* RECORD EXTRACTS *
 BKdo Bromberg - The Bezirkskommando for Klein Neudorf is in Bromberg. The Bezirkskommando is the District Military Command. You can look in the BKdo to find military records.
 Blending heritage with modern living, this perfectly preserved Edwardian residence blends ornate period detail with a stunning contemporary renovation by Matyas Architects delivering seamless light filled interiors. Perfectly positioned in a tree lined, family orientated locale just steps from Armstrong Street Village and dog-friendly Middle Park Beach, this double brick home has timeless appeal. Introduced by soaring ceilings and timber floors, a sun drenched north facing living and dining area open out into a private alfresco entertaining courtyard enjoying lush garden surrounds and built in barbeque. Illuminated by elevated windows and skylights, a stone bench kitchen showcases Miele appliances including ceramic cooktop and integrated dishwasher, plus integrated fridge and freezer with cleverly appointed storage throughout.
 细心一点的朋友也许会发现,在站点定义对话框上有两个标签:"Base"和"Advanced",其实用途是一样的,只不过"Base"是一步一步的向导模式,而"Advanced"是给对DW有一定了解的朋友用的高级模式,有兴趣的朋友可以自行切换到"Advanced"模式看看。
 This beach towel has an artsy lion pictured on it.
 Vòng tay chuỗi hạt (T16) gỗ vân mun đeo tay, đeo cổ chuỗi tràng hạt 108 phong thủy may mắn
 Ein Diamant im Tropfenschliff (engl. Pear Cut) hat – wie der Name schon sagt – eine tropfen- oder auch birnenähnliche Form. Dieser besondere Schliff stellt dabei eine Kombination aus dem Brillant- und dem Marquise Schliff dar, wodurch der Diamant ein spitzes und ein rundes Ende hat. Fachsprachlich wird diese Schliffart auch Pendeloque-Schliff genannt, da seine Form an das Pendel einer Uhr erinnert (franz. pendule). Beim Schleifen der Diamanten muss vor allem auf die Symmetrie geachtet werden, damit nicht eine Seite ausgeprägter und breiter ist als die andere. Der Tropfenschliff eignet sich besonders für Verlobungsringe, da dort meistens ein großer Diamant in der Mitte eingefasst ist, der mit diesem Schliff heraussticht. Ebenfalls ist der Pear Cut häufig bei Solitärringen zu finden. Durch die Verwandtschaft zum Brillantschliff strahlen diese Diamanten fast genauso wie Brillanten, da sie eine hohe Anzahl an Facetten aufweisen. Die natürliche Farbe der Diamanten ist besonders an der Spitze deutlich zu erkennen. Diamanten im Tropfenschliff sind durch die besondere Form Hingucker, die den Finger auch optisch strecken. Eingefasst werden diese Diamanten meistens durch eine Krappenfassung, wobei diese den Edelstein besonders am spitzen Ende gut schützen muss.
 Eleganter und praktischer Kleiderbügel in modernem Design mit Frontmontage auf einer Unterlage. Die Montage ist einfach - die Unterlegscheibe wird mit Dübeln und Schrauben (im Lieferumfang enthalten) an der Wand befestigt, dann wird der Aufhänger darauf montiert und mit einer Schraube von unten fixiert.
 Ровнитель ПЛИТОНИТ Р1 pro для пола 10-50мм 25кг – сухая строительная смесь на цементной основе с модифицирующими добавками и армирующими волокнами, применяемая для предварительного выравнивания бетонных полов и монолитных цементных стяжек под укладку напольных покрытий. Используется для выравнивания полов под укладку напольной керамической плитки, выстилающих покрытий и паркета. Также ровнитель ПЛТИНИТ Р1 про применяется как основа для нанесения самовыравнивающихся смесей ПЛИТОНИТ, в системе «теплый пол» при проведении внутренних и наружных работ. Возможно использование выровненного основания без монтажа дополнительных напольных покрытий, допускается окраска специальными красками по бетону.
--
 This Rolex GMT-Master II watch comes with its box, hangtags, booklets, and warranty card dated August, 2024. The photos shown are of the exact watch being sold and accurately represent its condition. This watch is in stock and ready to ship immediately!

* WORK INSTRUCTION *
In the material above, please find every line that includes the word "wird" and copy it.

* RESPONSE BOX *
 Ein Diamant im Tropfenschliff (engl. Pear Cut) hat – wie der Name schon sagt – eine tropfen- oder auch birnenähnliche Form. Dieser besondere Schliff stellt dabei eine Kombination aus dem Brillant- und dem Marquise Schliff dar, wodurch der Diamant ein spitzes und ein rundes Ende hat. Fachsprachlich wird diese Schliffart auch Pendeloque-Schliff genannt, da seine Form an das Pendel einer Uhr erinnert (franz. pendule). Beim Schleifen der Diamanten muss vor allem auf die Symmetrie geachtet werden, damit nicht eine Seite ausgeprägter und breiter ist als die andere. Der Tropfenschliff eignet sich besonders für Verlobungsringe, da dort meistens ein großer Diamant in der Mitte eingefasst ist, der mit diesem Schliff heraussticht. Ebenfalls ist der Pear Cut häufig bei Solitärringen zu finden. Durch die Verwandtschaft zum Brillantschliff strahlen diese Diamanten fast genauso wie Brillanten, da sie eine hohe Anzahl an Facetten aufweisen. Die natürliche Farbe der Diamanten ist besonders an der Spitze deutlich zu erkennen. Diamanten im Tropfenschliff sind durch die besondere Form Hingucker, die den Finger auch optisch strecken. Eingefasst werden diese Diamanten meistens durch eine Krappenfassung, wobei diese den Edelstein besonders am spitzen Ende gut schützen muss.
 Eleganter und praktischer Kleiderbügel in modernem Design mit Frontmontage auf einer Unterlage. Die Montage ist einfach - die Unterlegscheibe wird mit Dübeln und Schrauben (im Lieferumfang enthalten) an der Wand befestigt, dann wird der Aufhänger darauf montiert und mit einer Schraube von unten fixiert.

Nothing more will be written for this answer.